= WHAT IS NEEDED =
I would like the lines below, from the one with "(대전=연합뉴스) 윤동진 기자" through the one with "Готовая домашняя работа", copied exactly and without any pictures.

= DATA RECORDS =
○ ○ ○

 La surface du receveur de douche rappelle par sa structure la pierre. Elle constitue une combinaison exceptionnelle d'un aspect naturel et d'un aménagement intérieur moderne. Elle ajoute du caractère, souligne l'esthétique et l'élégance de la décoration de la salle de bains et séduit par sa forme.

○ ○ ○

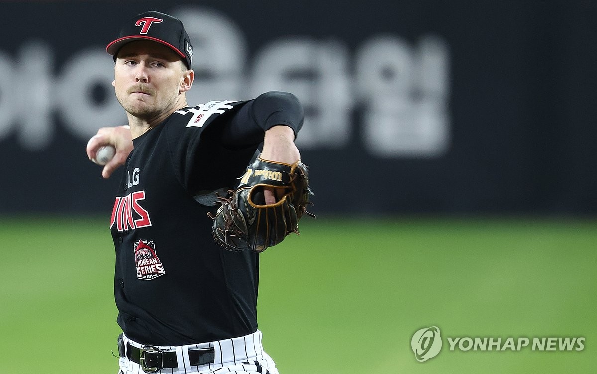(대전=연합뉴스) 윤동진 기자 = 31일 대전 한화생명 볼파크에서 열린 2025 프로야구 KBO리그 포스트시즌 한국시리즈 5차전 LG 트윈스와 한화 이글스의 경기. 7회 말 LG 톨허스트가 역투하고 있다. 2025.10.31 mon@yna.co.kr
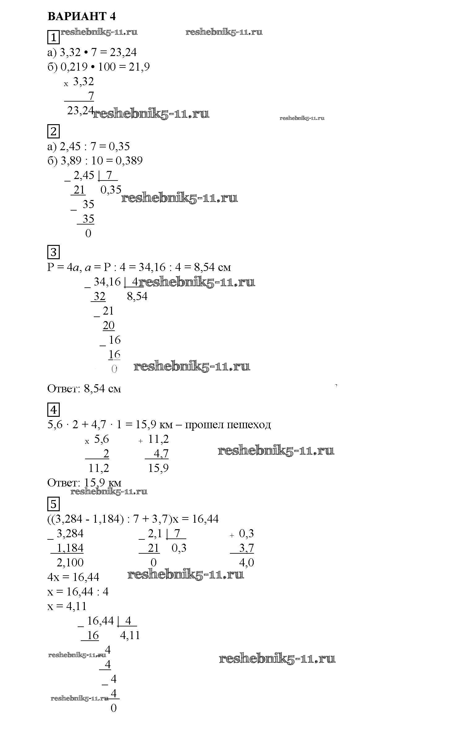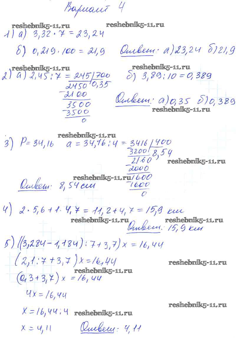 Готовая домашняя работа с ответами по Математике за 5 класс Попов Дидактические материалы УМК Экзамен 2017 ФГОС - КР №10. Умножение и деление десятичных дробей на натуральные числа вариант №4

○ ○ ○

= PROBLEM SOLUTION =
(대전=연합뉴스) 윤동진 기자 = 31일 대전 한화생명 볼파크에서 열린 2025 프로야구 KBO리그 포스트시즌 한국시리즈 5차전 LG 트윈스와 한화 이글스의 경기. 7회 말 LG 톨허스트가 역투하고 있다. 2025.10.31 mon@yna.co.kr
 Готовая домашняя работа с ответами по Математике за 5 класс Попов Дидактические материалы УМК Экзамен 2017 ФГОС - КР №10. Умножение и деление десятичных дробей на натуральные числа вариант №4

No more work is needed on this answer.